Comparé à la médiane : un profil très contrasté
Le radar vs médian Ligue 1 confirme ce grand écart. Passes longues réussies : 93 contre 50. Passes réceptionnées : 83. Courses progressives : 81. Précision passes : 64. Sur tout ce qui touche au jeu avec ballon, Gbamin surclasse la moyenne. Mais sur les duels aériens gagnés (6 en centile) et les duels défensifs disputés (41), il reste très en retrait.

Projection en Ligue 2 : un niveau pour jouer le titre, mais un déficit signalé
Data’Scout projette Gbamin avec un indice de 71 en défenseur moderne en Ligue 2 — un niveau jugé suffisant pour jouer le titre. Ses profils similaires identifiés : E. Ebosse (Torino, 82%), P. Kalulu (Juventus, 80%), L. Hogsberg (Strasbourg, 77%). Des références qui valident la dimension technique du joueur.

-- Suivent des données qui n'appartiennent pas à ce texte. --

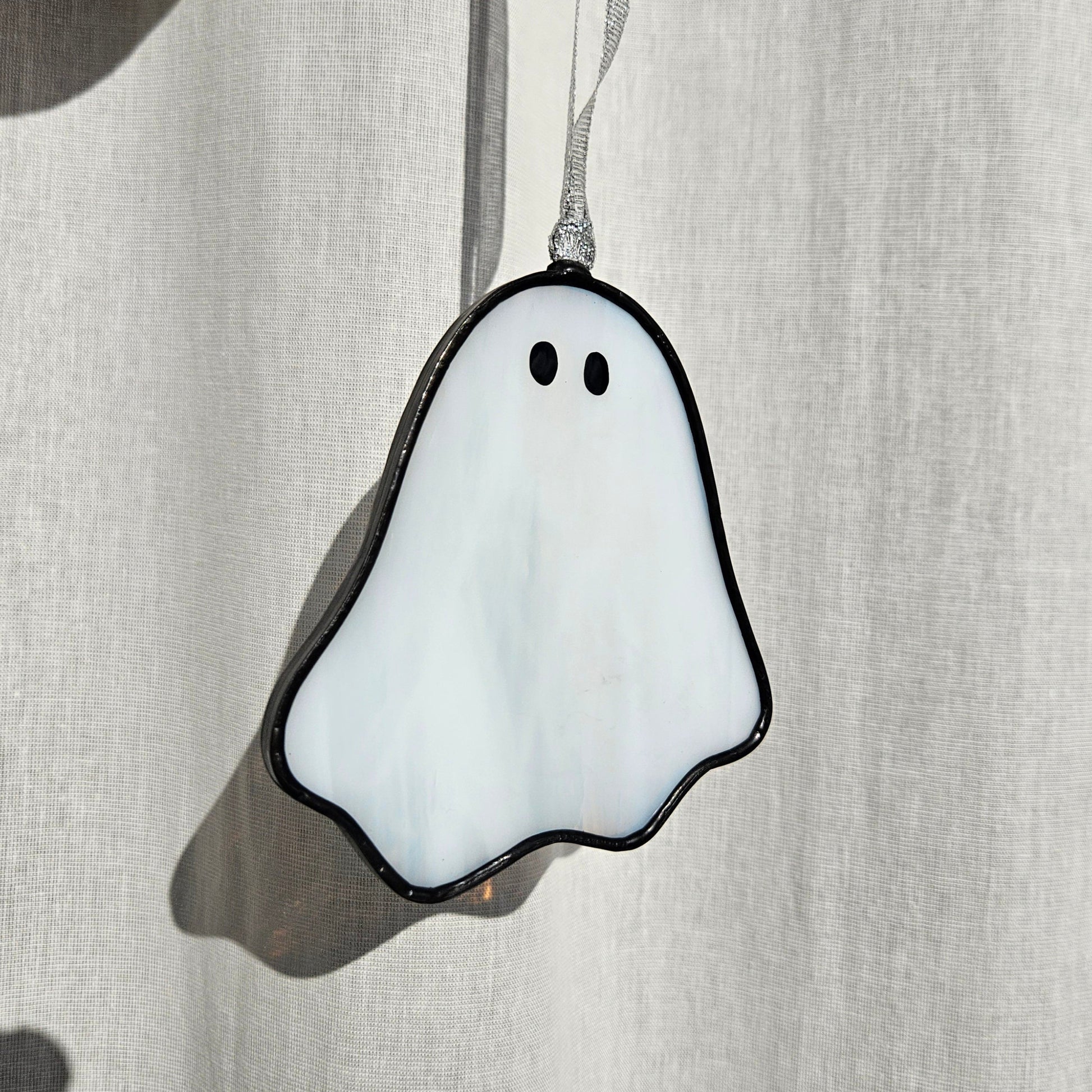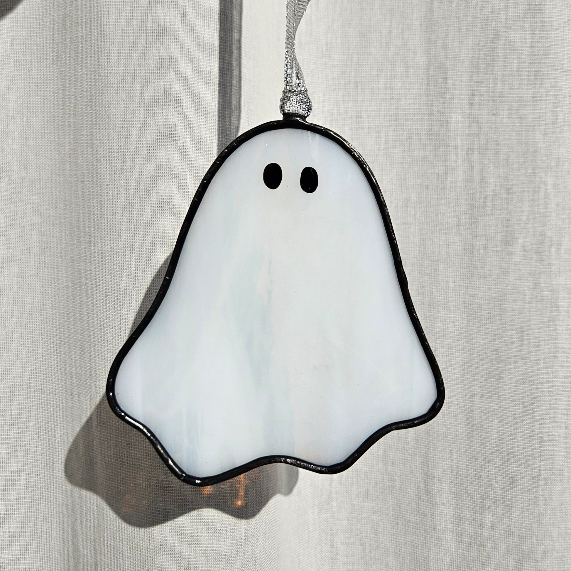 Made with wispy white glass. The eyes are painted on with black enamel paint and they have a black lead solder border.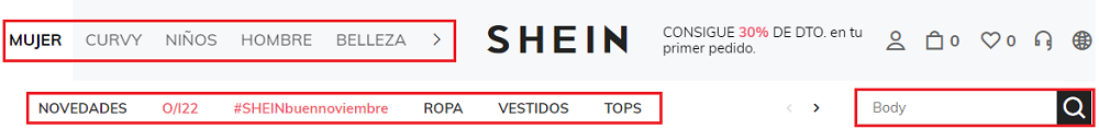 Por otro lado, la página te ofrece diferentes categorías, situadas en la parte superior central. En este caso, puedes buscar tus artículos en función del género, curvy, niños/as, belleza, novedades, etc. Si pasas por encima de cada categoría se desplegará un listado con muchas opciones (novedades, vuelta en stock, destacados…), y elige lo que buscas.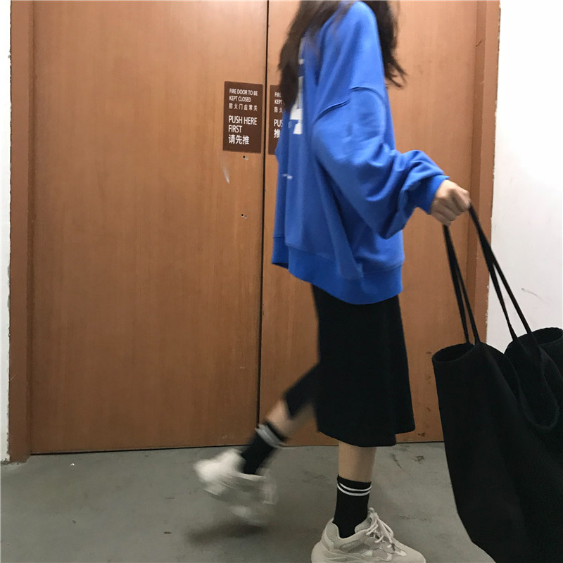 / 韓版時尚休閑套裝秋季中長款長袖衛衣+開叉包臀裙半身裙兩件套女
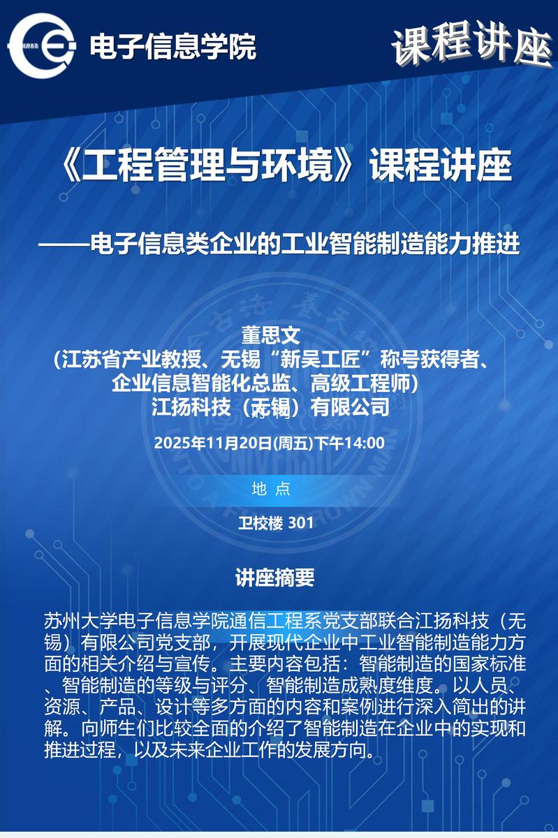 课程讲座:电子信息类企业的工业智能制造能力推进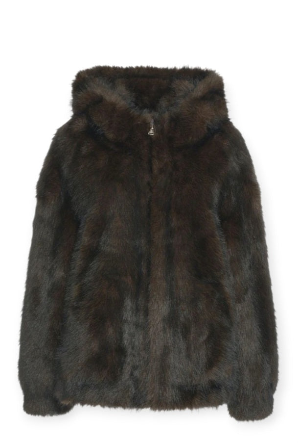 Giubbotto marrone in ecopelliccia con cappuccio, chiusura davanti con zip, maniche lunghe, tasche a filetto sul davanti, vestibilità comoda. Poliestere.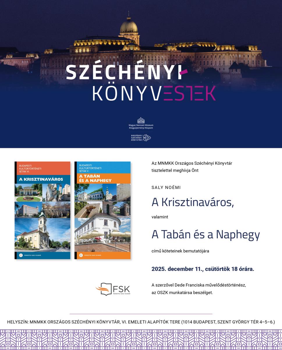 Széchényi-könyvestek rendezvénysorozatunkban a tizedik alkalommal Saly Noémi frissen megjelenő, A Krisztinaváros, illetve A Tabán és a Naphegy című köteteit mutatjuk be. A szerző beszélgetőtársa Dede Franciska művelődéstörténész, az OSZK munkatársa lesz.

Le point de vigilance est clair : Data’Scout signale un déficit physique marqué pour la Ligue 2. Distance parcourue en baisse de 8% par rapport à la médiane de la ligue cible, courses à haute intensité en baisse de 23%, distance en sprint en baisse de 23%, nombre de sprints en baisse de 22%. Ce sont des écarts significatifs qui confirment que la saison de Gbamin a été affectée par des limitations physiques réelles, cohérentes avec les blessures évoquées dans son parcours récent.

Un dossier à double tranchant pour le FC Metz
Pour le club grenat, prolonger Gbamin représente un pari raisonné. Techniquement, le profil de relanceur a une vraie valeur pour la Ligue 2 et pourrait bien compléter la charnière aux côtés de Jean Ruiz, qui partage justement ce profil de défenseur constructeur plutôt que stoppeur. Mais l’état physique du joueur, à 30 ans et sortant d’une saison perturbée par les blessures, impose de la prudence.
Le club a déjà bouclé plusieurs dossiers majeurs cet été — Ruiz, Sarr — la question Gbamin reste la dernière pièce importante du puzzle de la défense centrale messinne.